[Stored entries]
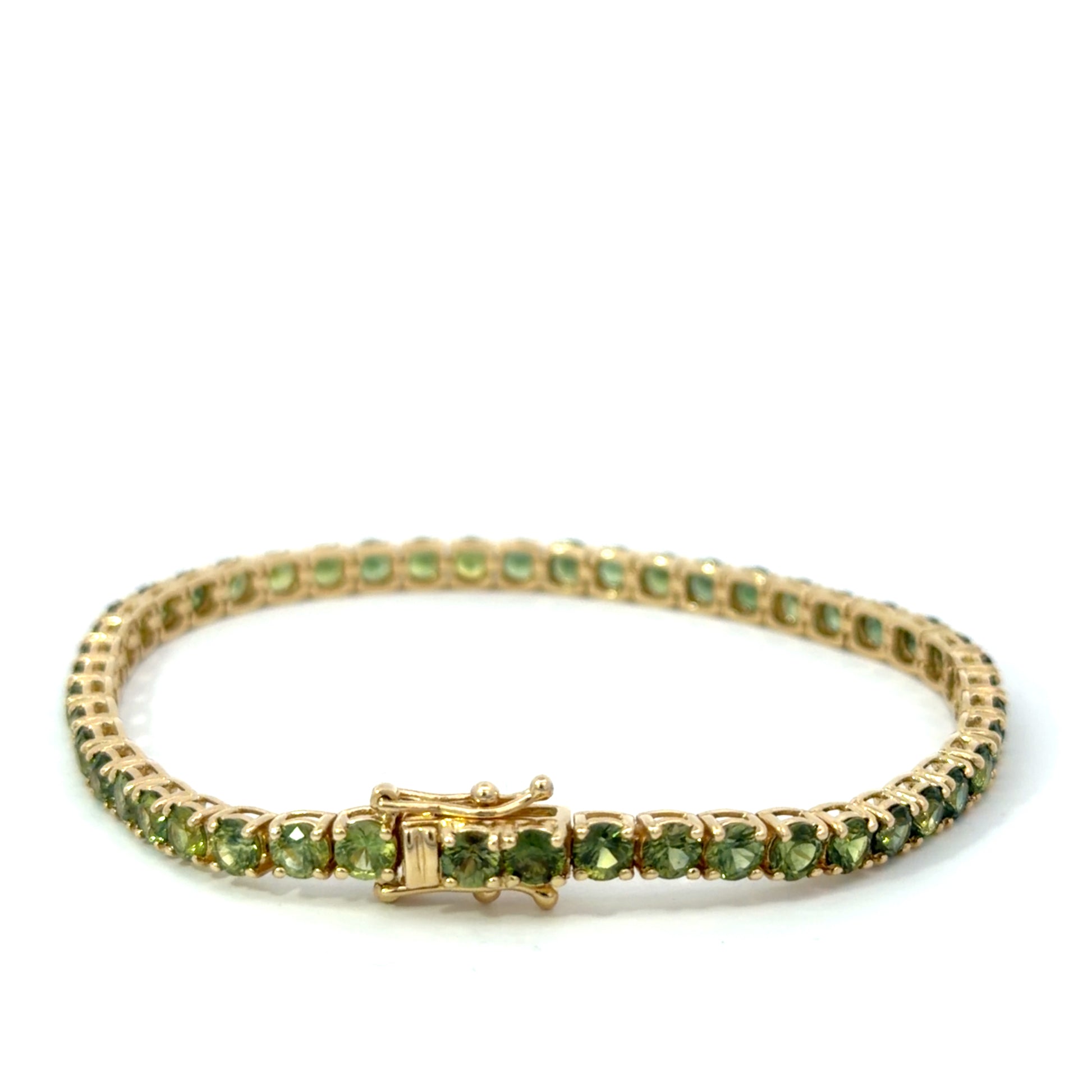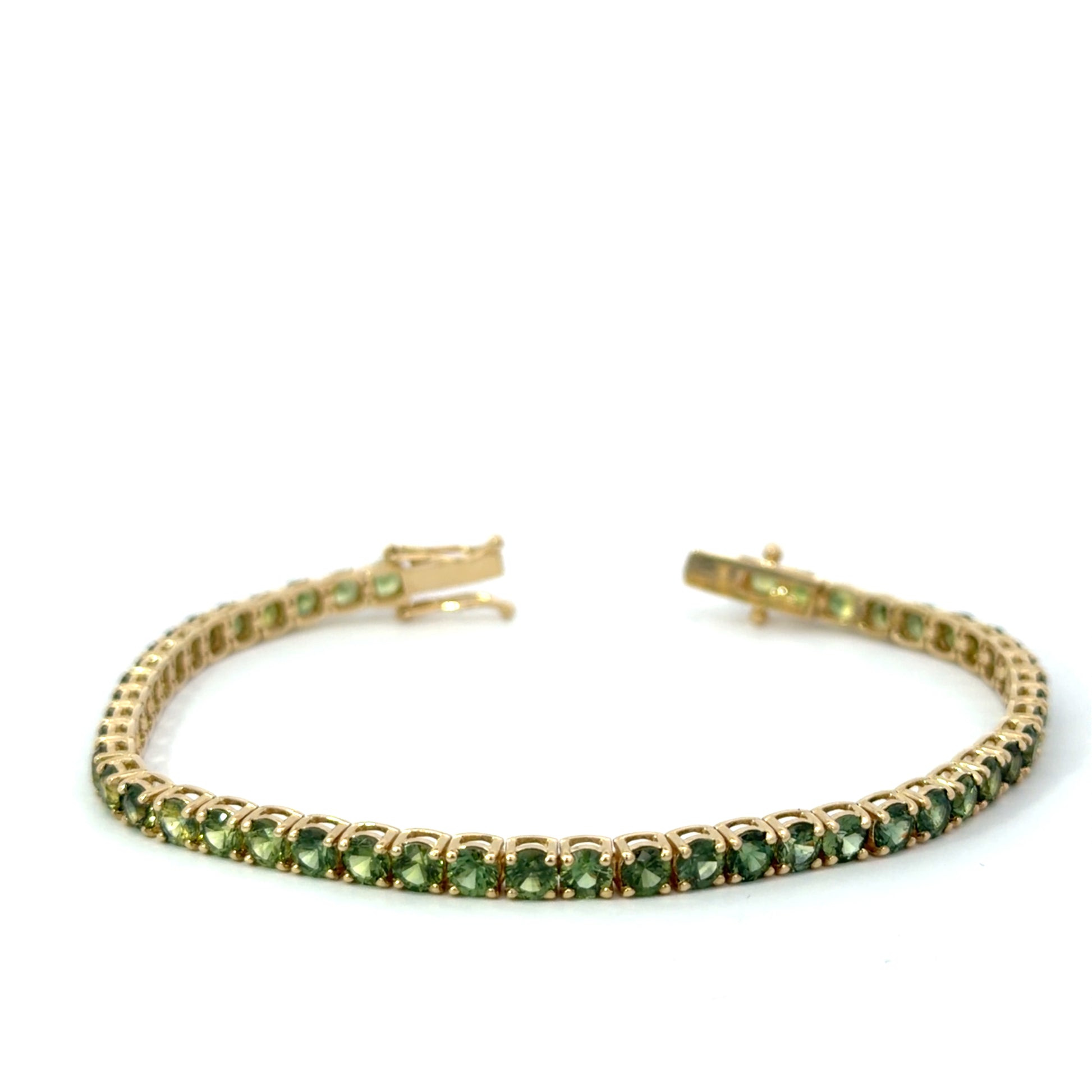 Natural Green Sapphire Tennis Bracelet in 14kt. Yellow Gold
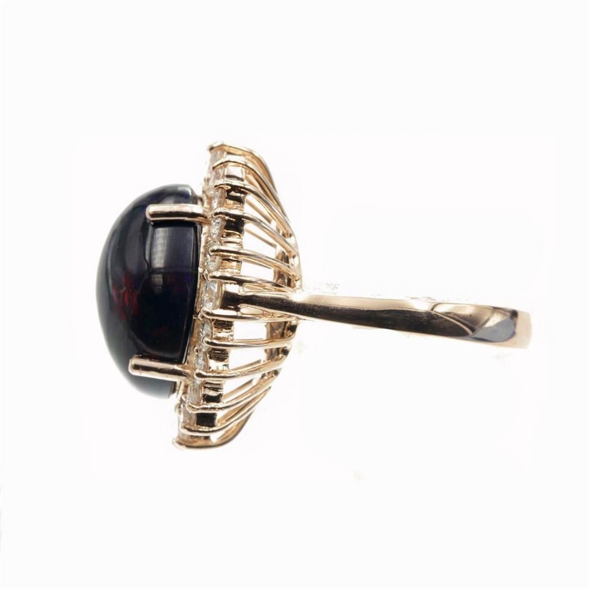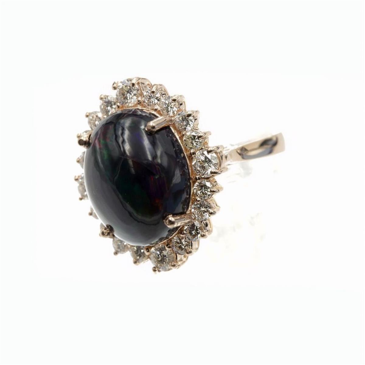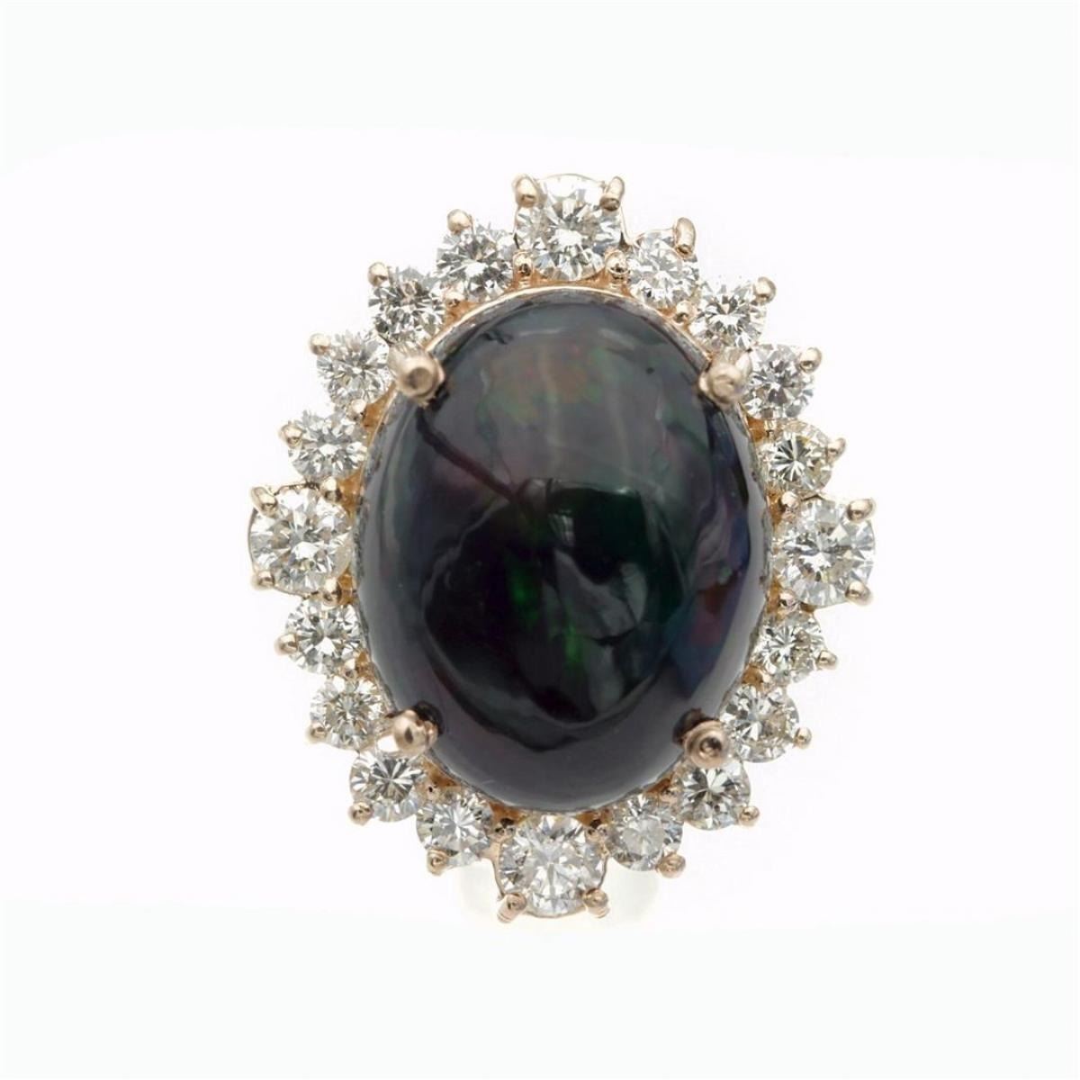 One Natural Diamond and Opal Anniversary Ring in 14k Gold. Size 6.75 but can be resized. Ring design is fancy cocktail with a split shank. Four-prong setting with a total gram weight of 8.20g and total carat weight of 7.46 Ct. Ring includes a total of 20 diamonds. Main stone is natural and non-enhanced. Main stone shape is opal, 6.09 ct,, fine dark clarity, and green opal color. Height of opal is 15.80 mm and width is 12.60 mm, with excellent cut. Side stone is natural and not enhanced, totaling 1.37 Ct. Diamond color is G, clarity VS2-SI1, shape is round cut, and cut is excellent. Retail value of $9,975.
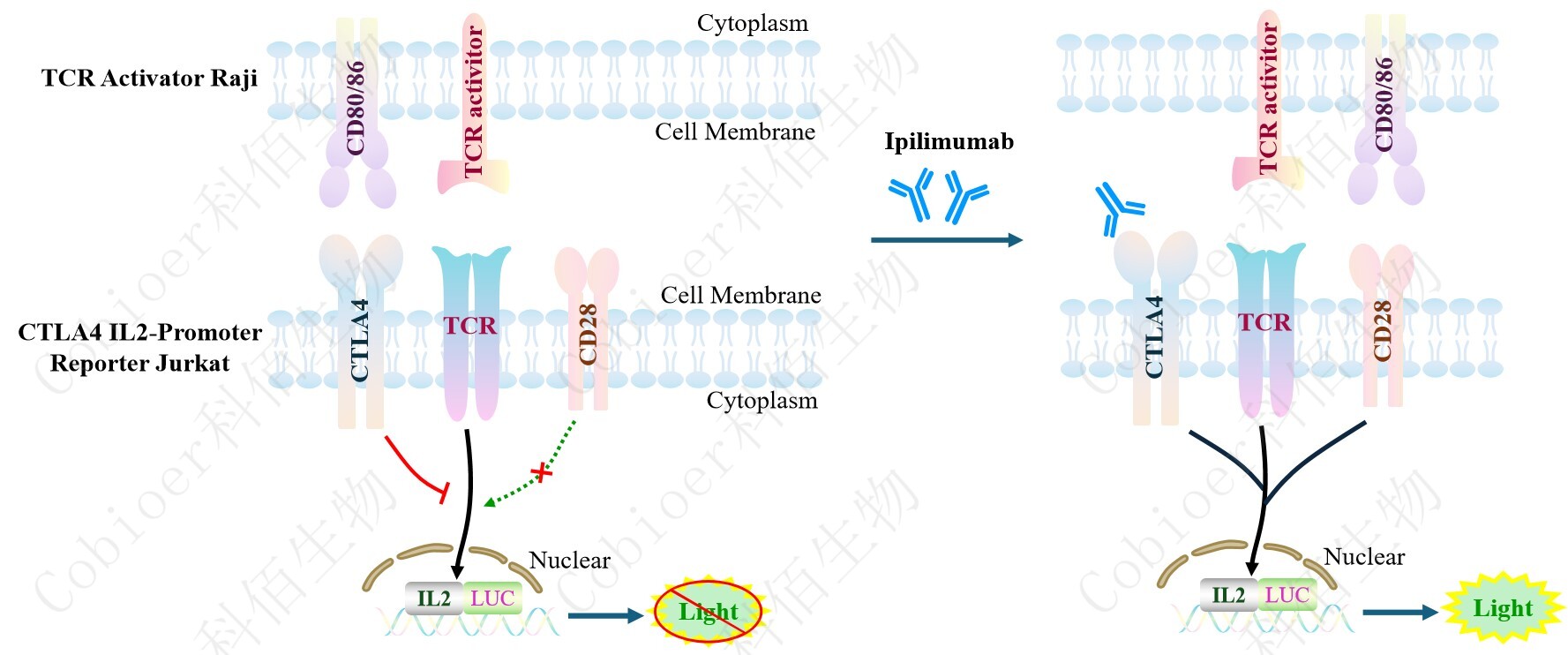 CTLA4 IL2-Promoter Reporter Jurkat 報告基因藥靶模型很好的模擬了體內(nèi) CTLA4&IL2 的信號轉(zhuǎn)導(dǎo)過程,原理見下圖所示。![]() Figure 1. CTLA4 IL2-Promoter Reporter Jurkat 細(xì)胞模型原理圖 |
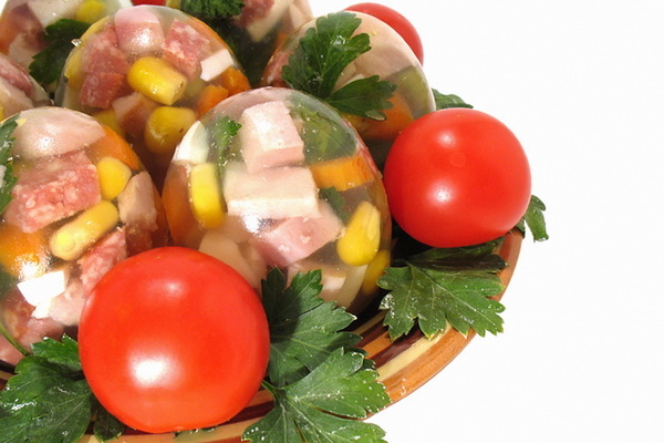 Ингредиенты: 7 яиц, 100 г куриного филе, 75 г ветчины, 2 ст.л. желатина, 100 мл воды, консервированный зеленый горошек, консервированная кукуруза, зеленый салат, петрушка, соль
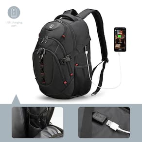 Swissdigital Mochila para laptop Design Business com porta de carregamento USB inteligente, mochila de viagem para laptops de 15,6 polegadas - Porta de carregamento USB integrada: equipada com uma porta USB que oferece acesso rápido para carregar seu telefone e outros dispositivos eletrônicos como iPhone, iPad, Kindle e todos os outros dispositivos USB convenientemente. A porta de carregamento USB integrada permite que você use o dispositivo enquanto ele carrega e caminhe ao mesmo tempo (a bateria portátil não está incluída – não é necessária uma bateria específica). EUA 10.574.071 B2; US 10.931.137 B2; US 10.931.138 B2; US 11.601.009 B2. 2 - Proteja sua privacidade com um bolso integrado de proteção RFID: viaje sem preocupações. O compartimento de proteção RFID protege seus dados pessoais de serem acessados por scanners RFID (por exemplo, cartões de crédito, passaportes e carteiras de motorista). - SISTEMA DE ADICIONAR UMA BOLSA: o sistema Add-A-Bag é conveniente para sua viagem. Uma alça de bagagem permite que você conecte sua mala à mochila e, assim, puxe com uma mão. Sua viagem se tornará imediatamente muito mais fácil e agradável. - Capacidade extra grande: contém compartimentos independentes para ótimo armazenamento e organização para diferentes itens. Vários compartimentos principais e bolsos laterais para proporcionar o espaço que suas coisas importantes precisam. - Projetada para conforto: o sistema de ventilação 3D mantém as costas frescas. As alças ergonômicas acolchoadas com curva "S": 0,8 cm a 1,3 cm mais largas do que as mochilas tradicionais, distribuem melhor o peso. Isso faz com que os ombros se sintam mais confortáveis e menos sobrecarregados.
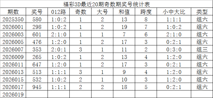 福彩3D最近20期奇数期奖号为:
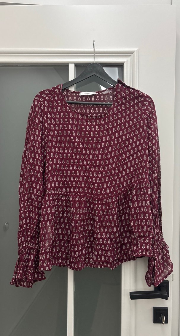 Bordo renkli, uzun kollu, salaş kesim bohem tarzda, pileli detaylı bluz. Yuvarlak yaka ve batik desenlidir, günlük kullanım için uygundur.
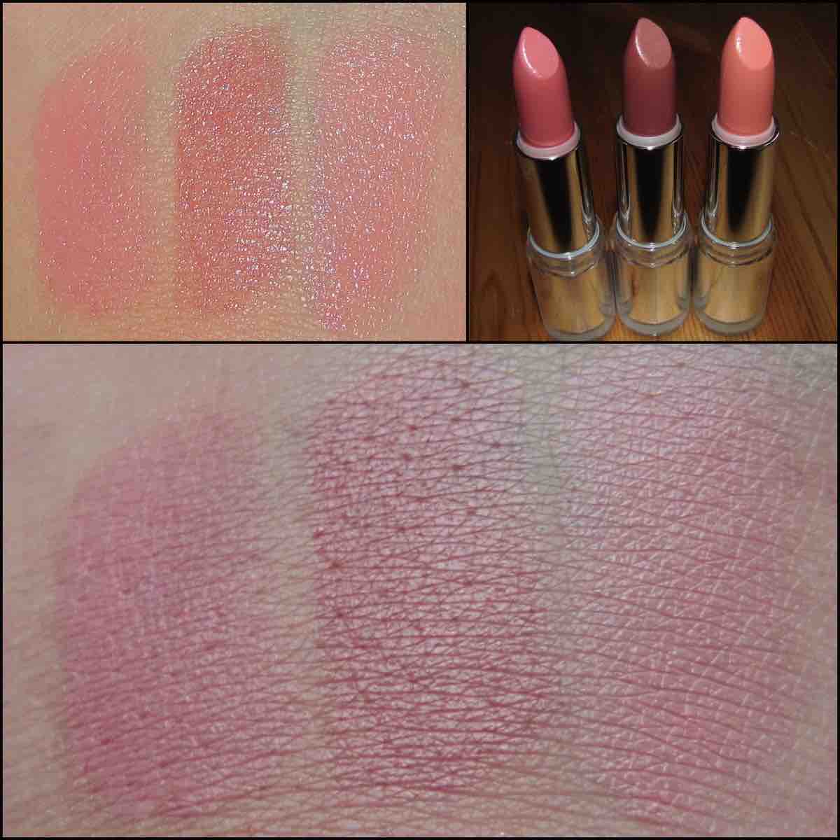 Ich beginne zunächst mit den Lippenstiften. Sie sind super schön verpackt (wenn auch ich es schlichter lieber mag), die Farben wirken auf den ersten und auch auf den geswatchten Bilck toll und der Auftrag ist himmlisch: man könnte meinen, man reibe sich mit Butter ein. Aber bereits wenige Sekunden später fühlten sich meine Lippen irgendwie taub an. Also nicht wirklich ein Effekt, nein nein, aber irgendwie vertrage ich nach vielen Versuchen das Gefühl irgendwie nicht. Hinzu kommt, dass diese Kremigkeit auch eine Glitschigkeit mit sich bringt, die den Lippie zum Rutschen bringt – noch mehr, als die tollen Moisture Lippies von CATRICE (siehe dieser Post). Abschließend sind die Farben sehr vom Hautton beeinflussbar, weil besonders „Rose“ und „Coral“ eine Mischung aus Pink und Orange-Nuancen sind. Sie wirken fehl am Platz zu meinem Teint und das Finish gefällt mir nicht. Der „Brown“ ist eine tolle YLBB-Farbe (Your Lips But Better) an mir, aber auch hier gefällt mir dieser Frost nicht. Meine Lippenkonturen sind sehr frasig und wirken mit dieser Textur irgendwie angeschwollen. Das ist ein Effekt, den ich häufig erlebe, daher möchte ich nicht den Eindruck vermitteln, dass diese Lippenstifte besonders schlecht seien, aber ich habe mir eher etwas in Richtung „Gentle Nude“ erhofft und finde leider in keinem der Dreien einen wirklich besonderen Ton oder Habenmuss-Lippie. Ich würde raten: Wenn ihr Nude-Lippies sucht, vergleicht gewissenhaft mit den Farben aus dem festen Sortiment. Bloß nicht vom LE-Grundgedanken täuschen lassen (wobei das eigentlich immer gelten sollte).

WHAT IS REQUIRED: Copy word for word the lines of the records above from the one with "One Natural Diamond" up to and including the one with "CTLA4 IL2-Promoter Reporter Jurkat 報告基因藥靶模型很好的模擬了體內(nèi)". Skip the pictures.

PROBLEM SOLUTION:
 One Natural Diamond and Opal Anniversary Ring in 14k Gold. Size 6.75 but can be resized. Ring design is fancy cocktail with a split shank. Four-prong setting with a total gram weight of 8.20g and total carat weight of 7.46 Ct. Ring includes a total of 20 diamonds. Main stone is natural and non-enhanced. Main stone shape is opal, 6.09 ct,, fine dark clarity, and green opal color. Height of opal is 15.80 mm and width is 12.60 mm, with excellent cut. Side stone is natural and not enhanced, totaling 1.37 Ct. Diamond color is G, clarity VS2-SI1, shape is round cut, and cut is excellent. Retail value of $9,975.
 CTLA4 IL2-Promoter Reporter Jurkat 報告基因藥靶模型很好的模擬了體內(nèi) CTLA4&IL2 的信號轉(zhuǎn)導(dǎo)過程,原理見下圖所示。![]() Figure 1. CTLA4 IL2-Promoter Reporter Jurkat 細(xì)胞模型原理圖 |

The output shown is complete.